### About this task
Pictures are not part of the answer. Return the lines from the one containing "C2000 CPU 将电压参考信号发送到" through the end of the data, both included, exactly as they appear.

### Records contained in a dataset
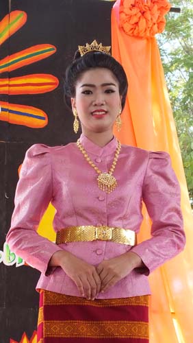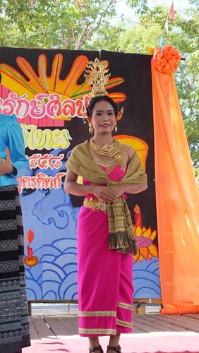 นางนพมาศแต่งกายโดยผ้าทอพื้นบ้านน้ำอ่าง กังหันลม การแต่งคำประพันธ์
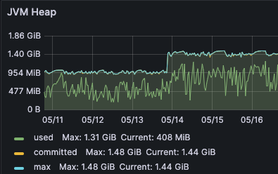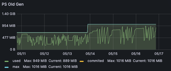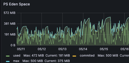 查看近 7 天的堆内存、新生代 Eden 区、老年代的内存使用情况,虽然内存调大了,但是基本都是快使用完才进行GC 。
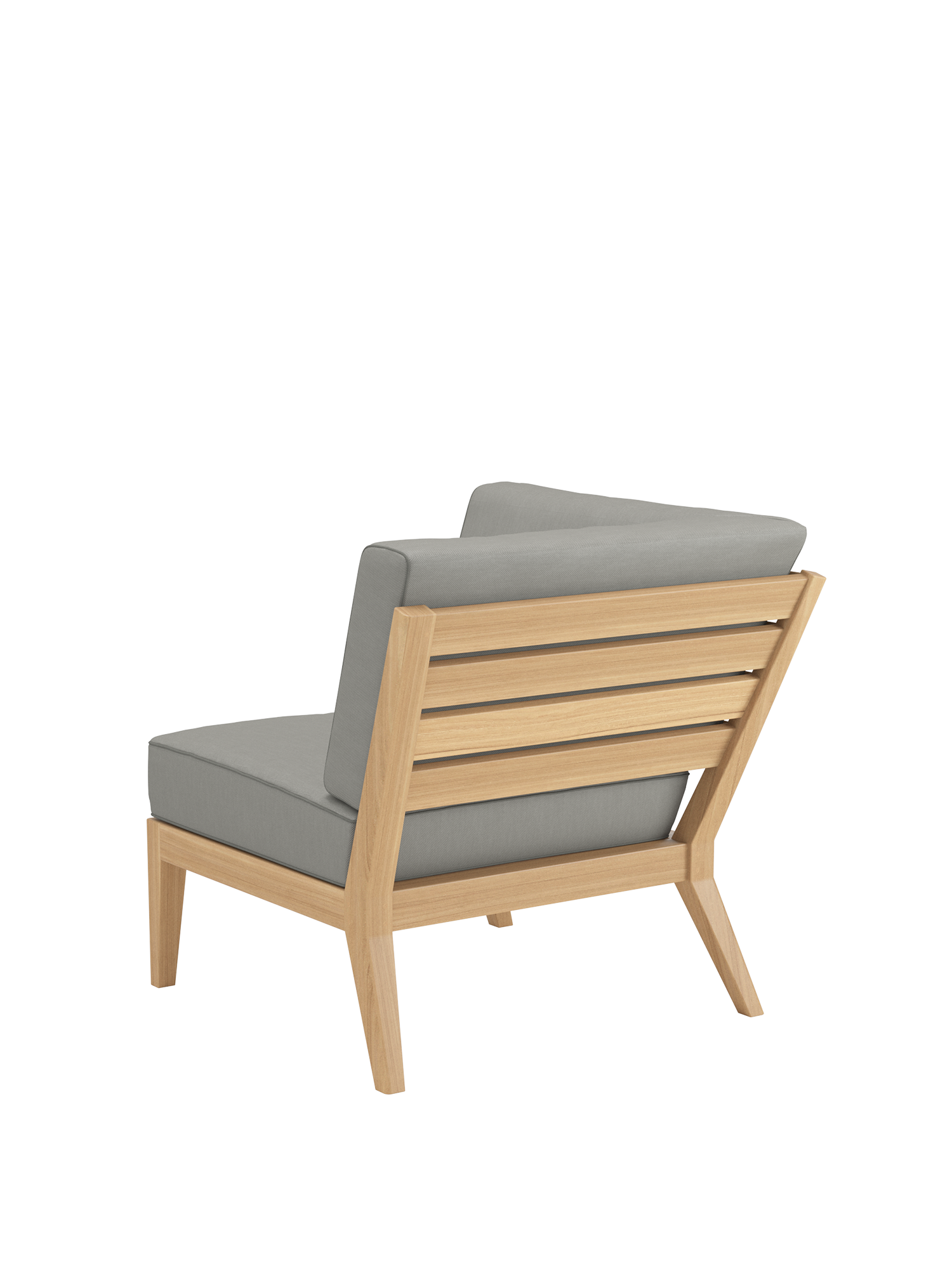 Am Ufer des Schwimmbeckens oder am Rand der Terrasse, auf einem Stadtbalkon oder mitten im Garten: Mit Elementen der Valencia Lounge findet ein Ruhepol in jeder luftigen Lage zur angemessenen Größe. Extra breit und besonders tief, bieten Chaiselongues, Mittelelemente und Eckmodule aus Teak mit ihren quer verlaufenden Sitz- und Rückenlehnen und ausgestellten Beinen viel Raum zum Anlehnen. Dicke, von Kedern gerahmte Polster und Federkissen in frischen Farben setzen dazu sommerliche Akzente.
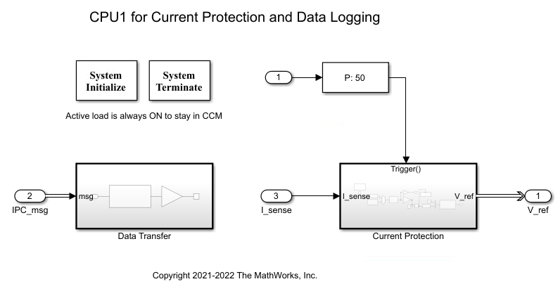 C2000 CPU 将电压参考信号发送到 CLA,并接收和记录电流和电压反馈值。Interprocess Data Channel (SoC Blockset)模块模拟 CLA 和 C2000 CPU 之间的数据交换。当部署到硬件时,这些模块利用共享内存的一部分在 CLA 和 C2000 CPU 之间进行数据传输,并确保数据完整性。
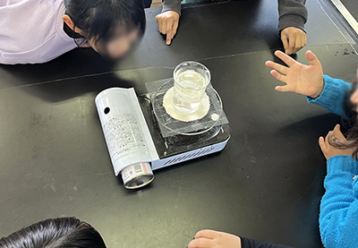 しかし、そんな子どもたちが「えっ?」「うそ!」とドキドキしたり、ワクワクしたりする姿を見せるときがある。それが、火を扱う実験である。火を扱う実験の前には火の消し方や「理科用カセットコンロ」の扱い方をみんなで学び、自分たちが実際に点火したり消火したりできる。火は子どもたちにとっては怖いものであるが、扱うことができると満足感を得られるようである。
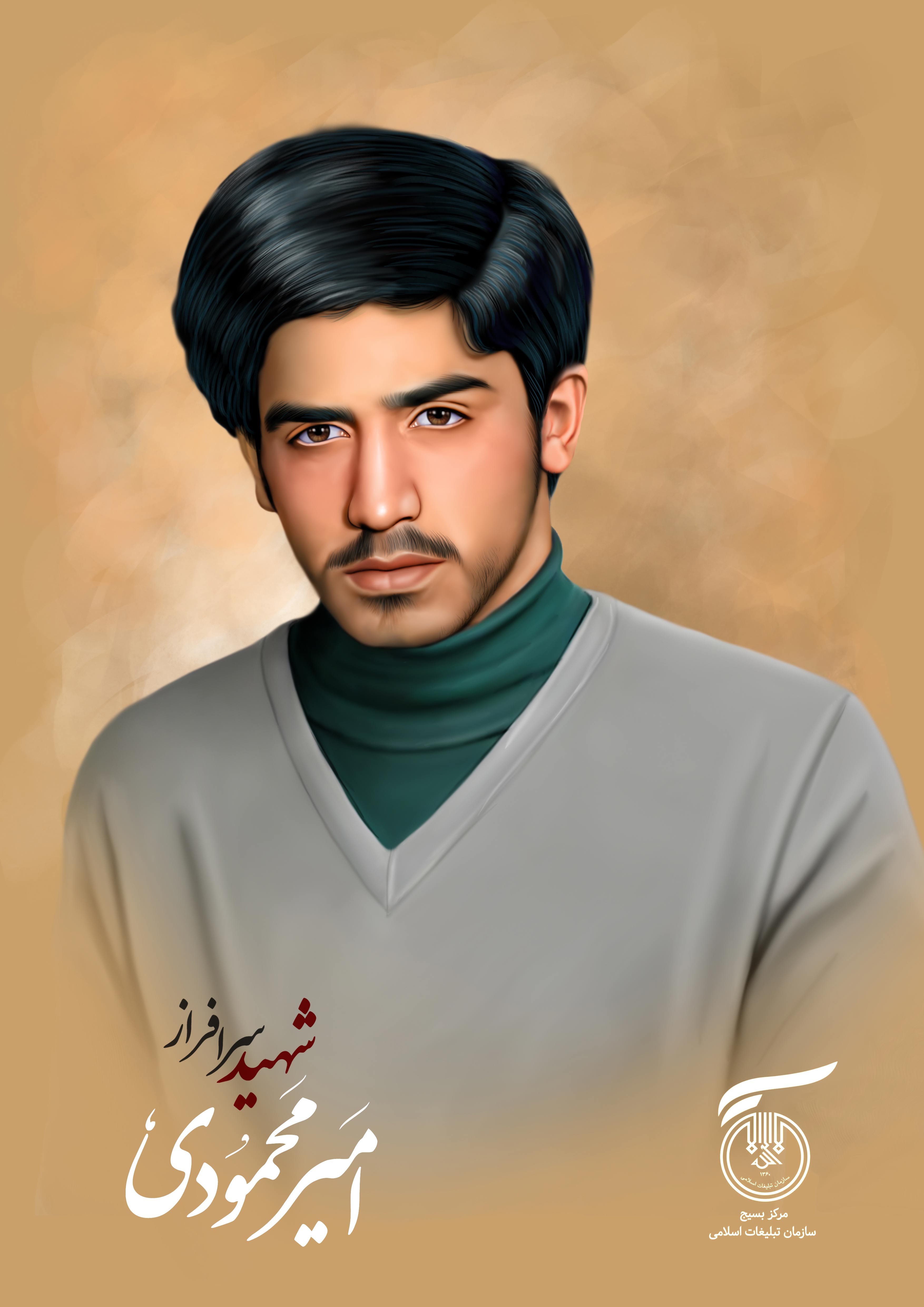 به گزارش روابط عمومی سازمان تبلیغات اسلامی،امیر یکم فروردین ۱۳۴۳ در تهران و در خانواده ای انقلابی به دنیا آمد. تنها پسر خانواده تا سوم ابتدایی بیشتر درس نخواند و خیلی زود وارد دنیای کار شد. در مبارزات قبل از انقلاب شعار نویسی روی دیوارها می کرد. مثل پدر کارگر بود و زحمت فراوان میکشید. او از تاریخ ۲۵٫ ۱۳۵۹٫۸ وارد سازمان تبلیغات اسلامی شد و در بخش كتاب واحد سمعی بصری و بخش پوستر خدمت کرد بسیج که تشکیل شد به عضویت این نهاد مردمی درآمد و از همین طریق هم در جبهه حضور یافت امیر بیست و دوم مهر ۱۳۶۱ یا سمت آرپی جی زن در منطقه عملیاتی سومار بر اثر اصابت گلوله توسط نیروهای بعثی به شهادت رسید. بعد از شهادت مادرش که به او بسیار وابسته بود از غصه دق کرد. پدر و سه خواهر او نیز هم اکنون در قید حیات نیستند. کوچه محل سکونت شهید در خیابان دهقان واقع در خیابان پیروزی تهران به نام شهید والامقام امیر محمودی است. خانه ابدی او در قطعه ۲۶ بهشت زهرای تهران قرار دارد.

### Result of the task
 C2000 CPU 将电压参考信号发送到 CLA,并接收和记录电流和电压反馈值。Interprocess Data Channel (SoC Blockset)模块模拟 CLA 和 C2000 CPU 之间的数据交换。当部署到硬件时,这些模块利用共享内存的一部分在 CLA 和 C2000 CPU 之间进行数据传输,并确保数据完整性。
 しかし、そんな子どもたちが「えっ?」「うそ!」とドキドキしたり、ワクワクしたりする姿を見せるときがある。それが、火を扱う実験である。火を扱う実験の前には火の消し方や「理科用カセットコンロ」の扱い方をみんなで学び、自分たちが実際に点火したり消火したりできる。火は子どもたちにとっては怖いものであるが、扱うことができると満足感を得られるようである。
 به گزارش روابط عمومی سازمان تبلیغات اسلامی،امیر یکم فروردین ۱۳۴۳ در تهران و در خانواده ای انقلابی به دنیا آمد. تنها پسر خانواده تا سوم ابتدایی بیشتر درس نخواند و خیلی زود وارد دنیای کار شد. در مبارزات قبل از انقلاب شعار نویسی روی دیوارها می کرد. مثل پدر کارگر بود و زحمت فراوان میکشید. او از تاریخ ۲۵٫ ۱۳۵۹٫۸ وارد سازمان تبلیغات اسلامی شد و در بخش كتاب واحد سمعی بصری و بخش پوستر خدمت کرد بسیج که تشکیل شد به عضویت این نهاد مردمی درآمد و از همین طریق هم در جبهه حضور یافت امیر بیست و دوم مهر ۱۳۶۱ یا سمت آرپی جی زن در منطقه عملیاتی سومار بر اثر اصابت گلوله توسط نیروهای بعثی به شهادت رسید. بعد از شهادت مادرش که به او بسیار وابسته بود از غصه دق کرد. پدر و سه خواهر او نیز هم اکنون در قید حیات نیستند. کوچه محل سکونت شهید در خیابان دهقان واقع در خیابان پیروزی تهران به نام شهید والامقام امیر محمودی است. خانه ابدی او در قطعه ۲۶ بهشت زهرای تهران قرار دارد.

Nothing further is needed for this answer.